A estreia de Sharon Van Etten em Portugal chega depois do lançamento de três discos de estúdio. No entanto, este momento acarreta um enorme trunfo, baseado no facto de Tramp ser um álbum majestoso de uma das grandes compositoras da actualidade.

Contudo, não foi apenas apoiado neste factor que residiu o sucesso da principiante em concertos no nosso país. A conjugação música, discurso e personalidade conferiram às suas composições e presença uma beleza pouco dada à superficialidade. A americana emana um registo singelo, por vezes parecendo quase frágil, que a torna encantadora. Como tal, no Lux não esteve apenas presente a sua música, mas também a simpatia, a simplicidade e uma arrebatadora timidez, o que conferiu uma conquista ainda mais facilitada.

Em palco sentiu-se que Sharon e a sua banda se encontram na melhor forma. Tudo corre na perfeição e, desta forma, a boa disposição e os sorrisos fáceis denotam esse factor, que acabam por ser transponíveis de forma preponderante para a forma como tocam. Assim, o ataque a ‘All I Can’, ‘Warsaw’ e ‘Save Yourself’ é feito de uma maneira natural e, desde cedo, se percebe que não se pode esperar uma banda com um sentimento latente de frete. Todos se disponibilizam para conquistar, notando-se prazer na voz de Sharon, e uma transmissão imediata para quem a ouve, não se coibindo de trocar constantes palavras com elementos do público.

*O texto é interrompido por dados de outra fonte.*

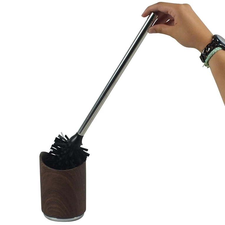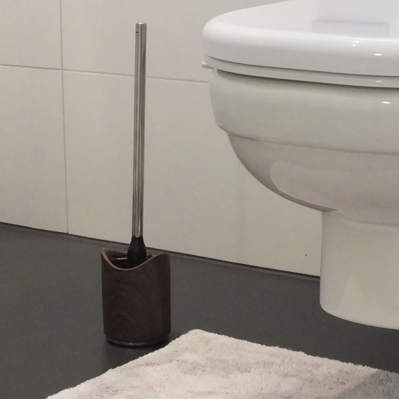 Die stabile WC-Garnitur mit ihrem verchromten Zinkdruckgussboden und der dunklen Wallnuss-Holzstruktur passt hervorragend zu unterschiedlichsten Stilen von Badezimmereinrichtungen, vorwiegend zu holzigen oder dunklen Tönen. Der hochwertige Bürstengriff besteht aus Edelstahl und steht ordentlich in dem dafür vorgesehenen Behälter. Passende Ersatzbürstenköpfe gibt es selbstverständlich ebenfalls bei Kela. Sie haben die Artikelnummer 20140 oder 20141.

Desta forma, quando em muitas ocasiões se discute se é ou não importante a comunhão do artista com a sua plateia, através da música, mas também através da comunicação extra musical,Sharon Van Etten demonstrou que sem essa característica o sucesso não teria sido tão largo. Da nascida em New Jersey comprovou-se a naturalidade, uma postura energética, a par de uma voz ora doce e terna, ora um pouco mais áspera, não se assinalando uma estrutura vocal linear, sendo esse um dos grandes louvores que lhe podem ser endereçados.

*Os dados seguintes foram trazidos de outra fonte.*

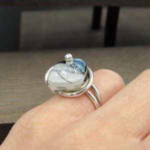Size 5.5 Sterling Silver Handmade Wire Wrapped Glass Band Ring Vintage
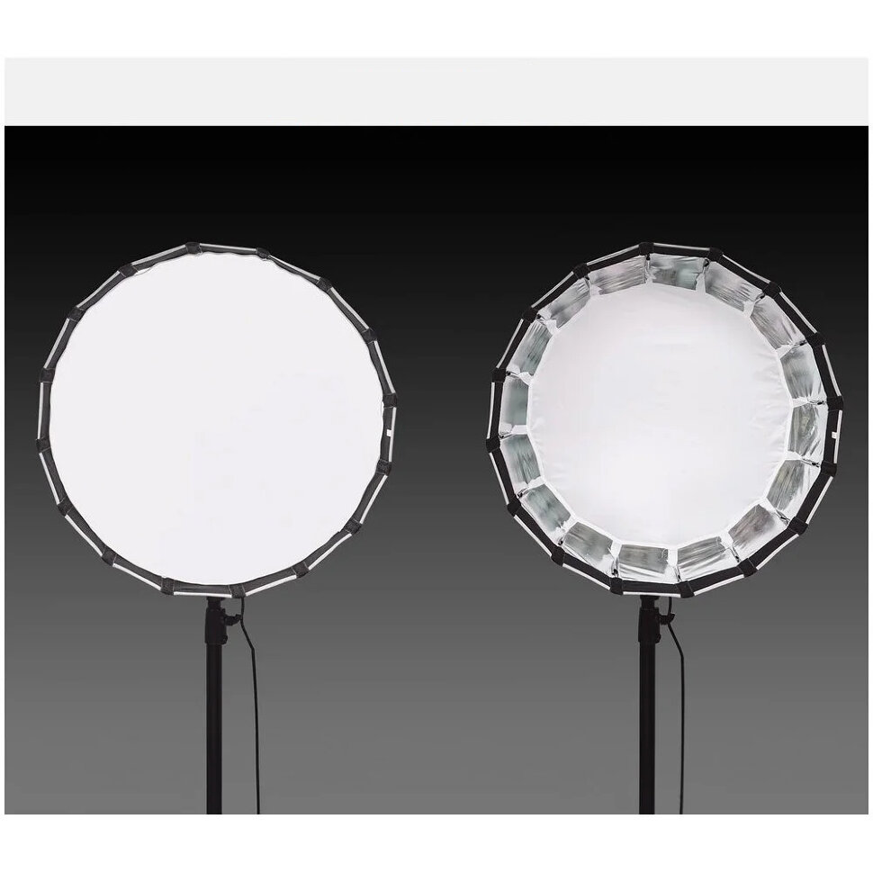 Профессиональный параболический софтбокс, созданный для точного и качественного освещения в видеопроизводстве, стриминге и студийной фотографии. Прочная конструкция из 16 стальных спиц обеспечивает стабильную круглую форму и быструю сборку, а совместимость с креплением Bowens Mount делает его универсальным для большинства студийных моноблоков. Дополнительные соты с углом рассеивания 45 градусов позволяет точно контролировать направление и границы светового потока, создавая акцентное или контровое освещение без нежелательных засветок
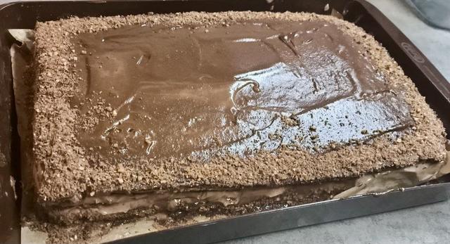 Повторить процедуру. Обмазать отложенным кремом бока. Верхушку бисквита полить с внутренней стороны пропиткой и перевернуть на торт. Поставить торт на часок в холодильник для стабилизации.

Jogando entre Epic e Tramp, tocados praticamente na íntegra, transpareceu a sensação de como é belo que alguém que canta sobre desencantos, consiga encantar; que alguém que explore a tristeza e os insucessos da vida, consiga conferir felicidade. Sharon Van Etten criou algo prodigioso: fazer com que as suas canções e a sua mensagem consigam despertar sentimentos contrastantes, um pouco à imagem da sua voz que caminha para lugares e tons tão díspares.

Depois de se encontrar sozinha em palco para a interpretação de ‘Solo’, o regresso da banda faz-se com ‘Don´t Do It’, sucedendo-se o percurso pelo último longa-duração, através de ‘Serpents’,’ Ask’ou ‘I´m Wrong’, nas quais a união de vozes com Heather Broderick se torna preponderante e primorosa, assistindo-se a uma troca de cadências e tons de voz opostos, mas totalmente integrados e nada dissonantes.

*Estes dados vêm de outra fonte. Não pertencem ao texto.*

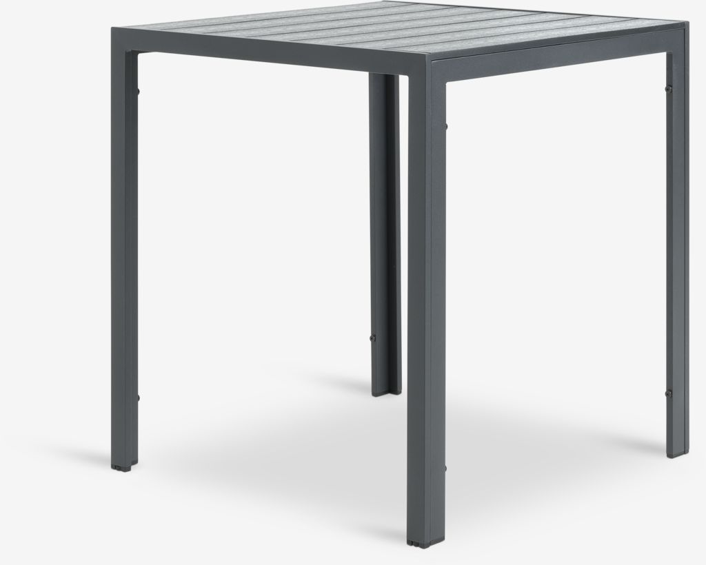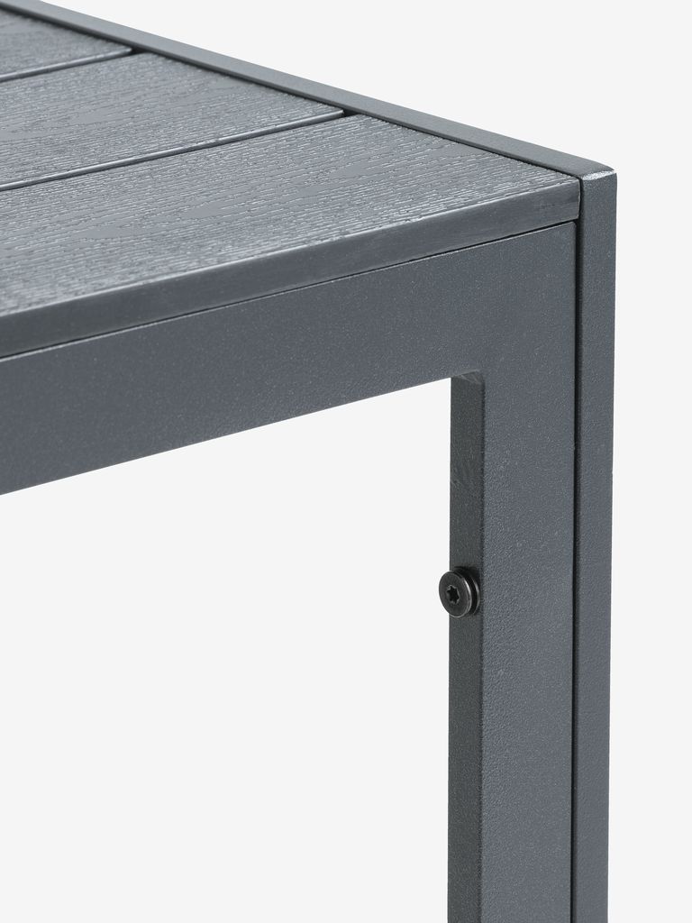 | Material | Ställning: Aluminium, Bordsskiva: Konstträ är ett underhållsfritt, syntetiskt material med naturlig trälook. Det är tillverkat av plast, såsom polystyren, som ger ett slitstarkt och väderbeständigt material. Konstträ är UV-skyddat, vilket säkerställer en färgbeständig yta. |

Antes do abandono e falhando o que estava delineado, acede ao pedido para um regresso a ‘One Day’, tema de Epic, encetando novamente a componente de tertúlia no seu espectáculo. A partilha da sua intimidade e da sua esfera pessoal é tão apaixonada que se torna difícil não se sentir um aconchego e uma apropriação dos seus dramas. Quando inquire se haveria espaço para mais dois temas, a verdade é que por todos os que estavam presentes, existiria disponibilidade para a ouvir por quanto mais tempo desejasse.